Presenter, “That doesn’t apply for Part A”
If you don’t understand the difference between Part A and Part B, and the fact that you’re paying 20% of the Medicare reimbursement under Part B, not the super-inflated regular charge, you don’t understand Medicare.
The whole Medigap/Medicare Advantage insurance industry is based on you not knowing the arithmetic. It may well be that your “Tax Aid local manager” is just better informed than you are, has done the arithmetic, and determined that he can handle the Medicare copays without letting the for-profit insurance industry take a big piece of his hide. The Medigap insurers skim off 20% of the premiums collected for essentially doing nothing – Medicare-CMS is doing all the work for them. Why would you involve them if you didn’t need to?
But it seems to me that Wendy does understand the arithmetic and is making a correct assertion.
Wendy distinctly stated that the EOBs she’s seen thus far are for her outpatient CT angio and associated stuff ONLY…the bills that are covered by Medicare Part B and supplemental insurance (she did, she did, I know she did…I checked and there’s no mention of EOBs for the hospital admission for the open heart surgery and subsequent care) As accurate as everything else in your post might be, it’s not relevant to her (or anyone else’s) outpatient experiences.
Thing here is…and based on your own accounts of your healthcare needs thus far in life…you’re not personally familiar with what sort of procedures can be performed nowadays as an outpatient. Yet. That’s a good thing, of course, and long may that state of affairs continue …but it leaves you without the understanding of just what out of pocket bills it’s possible to be faced with should a serious medical issue arise as an emergent problem.

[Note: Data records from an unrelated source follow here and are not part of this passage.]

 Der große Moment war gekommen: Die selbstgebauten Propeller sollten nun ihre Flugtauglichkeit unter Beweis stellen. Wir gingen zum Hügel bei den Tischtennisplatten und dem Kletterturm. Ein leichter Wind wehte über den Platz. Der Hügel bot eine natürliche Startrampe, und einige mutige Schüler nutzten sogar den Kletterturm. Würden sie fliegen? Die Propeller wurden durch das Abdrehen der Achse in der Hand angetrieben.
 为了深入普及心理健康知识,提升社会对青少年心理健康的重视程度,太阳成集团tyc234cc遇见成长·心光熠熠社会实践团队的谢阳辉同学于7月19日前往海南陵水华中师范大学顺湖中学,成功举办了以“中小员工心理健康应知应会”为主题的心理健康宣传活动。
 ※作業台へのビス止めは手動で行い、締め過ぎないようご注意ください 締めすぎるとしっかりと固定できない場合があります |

Relevant question to understanding the bills one might receive for outpatient care…had you even heard of the conditions/diagnostics/treatment associated with Wendy’s aortic stenosis or my husband’s aortic incompetence before either of our accounts?
Not at all. I’ve had outpatient eyelid surgery, outpatient colonscopy, both under private insurance pre-Medicare, and under Medicare, post age 65. I’m very familiar with the costs incurred – especially for a hospital admission which is the most expensive thing that can happen to a person.

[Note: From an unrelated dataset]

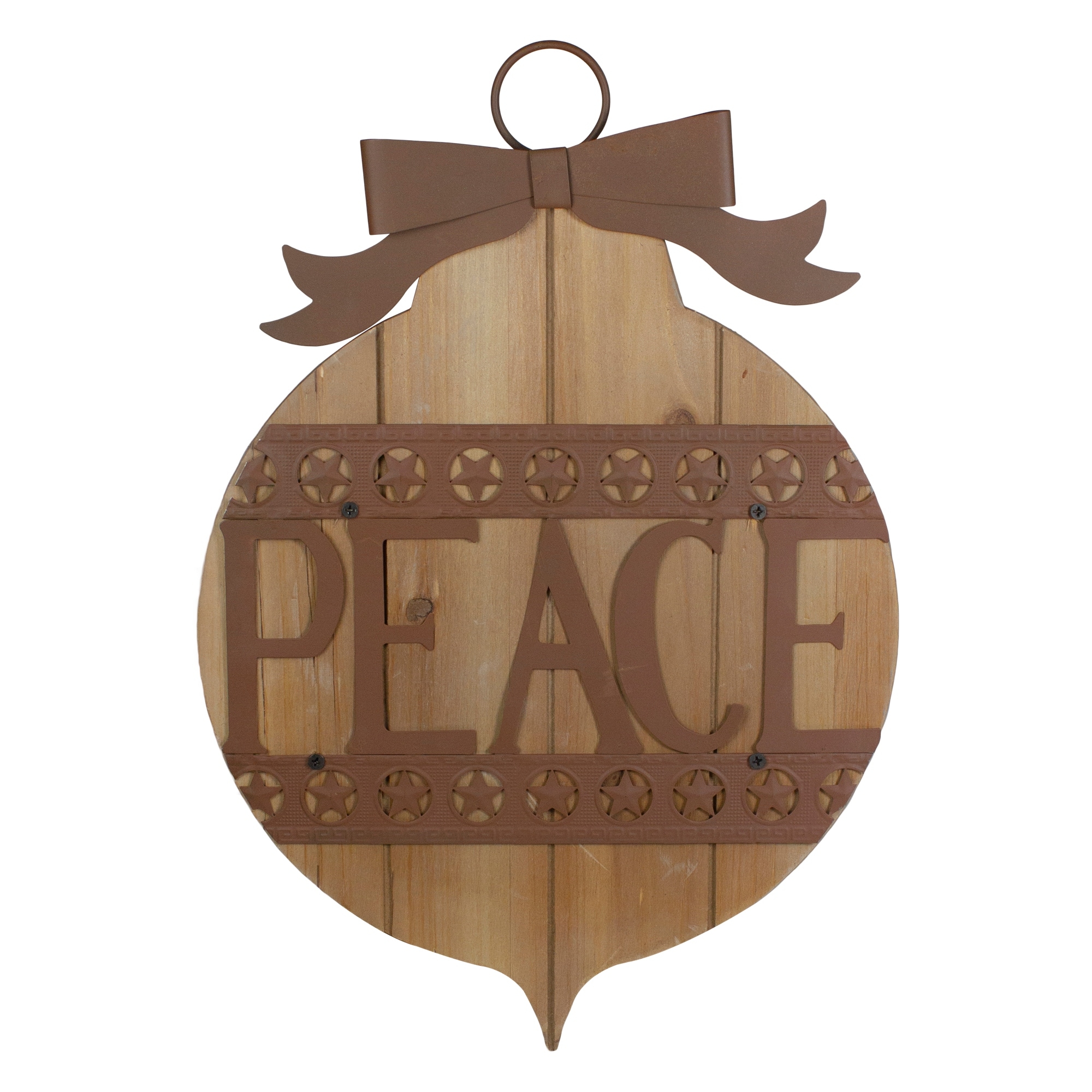 17" Rustic Brown PEACE Christmas Ornament Wall Sign

That’s why I was expecting Medicare Part A to be “The $1,676 deductible, plus 20% of everything beyond that.” Like Wendy’s grandma, I was brainwashed by my pre-age 65, private insurance experience.

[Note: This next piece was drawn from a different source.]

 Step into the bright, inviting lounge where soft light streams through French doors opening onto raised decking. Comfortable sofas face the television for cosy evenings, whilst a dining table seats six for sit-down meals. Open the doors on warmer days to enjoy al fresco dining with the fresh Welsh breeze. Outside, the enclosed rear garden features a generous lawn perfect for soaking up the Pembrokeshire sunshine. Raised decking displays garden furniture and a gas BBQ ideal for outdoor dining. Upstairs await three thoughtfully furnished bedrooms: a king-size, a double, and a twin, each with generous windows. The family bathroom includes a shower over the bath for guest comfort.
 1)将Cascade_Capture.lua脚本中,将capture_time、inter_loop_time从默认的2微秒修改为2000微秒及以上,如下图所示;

No more. Pay attention to the arithmetic, it will set you free.
Eyelid surgery and colonoscopy…exactly my point regarding your minimal experience of the costs that can be incurred as an outpatient with high end needs that can be recurring. Not dismissing them as important to you…but not quite the sort of higher end stuff that Wendy was talking about as a door opener for what sort of medical bills it’s possible to incur just to stay alive
Isn’t the point of this discussion not about the surgery but to make sure that Wendy or anyone else isn’t taken by the medical system. I find it confusing and realize I have a lot to learn but it seems if you can do everything on Part A it would be much cheaper than on Part B. My question is how do you stay away from being put on Part B. If it is the doctors and hospital’s choice it sounds like there is nothing you can do.
The reason for a hospital admission isn’t to make it cheaper for a Medicare beneficiary…but because it’s medically necessary. Third party payers themselves apply quite strict criteria to this decision making so there’s very little option for choice based on cost to the individual. Cost aside, there’s plenty of downside to being admitted to hospital for a stay so anything that can safely be done on an outpatient basis is likely to be done that way. The same as pretty much anywhere in the world with third party payment for medical care.
I would’ve loved to check into my local medical hotel for a few days post lapiplasty pampering. Medicare would’ve had other ideas
So it’s a lottery? Part A only applies to hospital stays and Part B is for outpatient? So for every Part B I will be paying 20 percent of the cost? Does that sound right?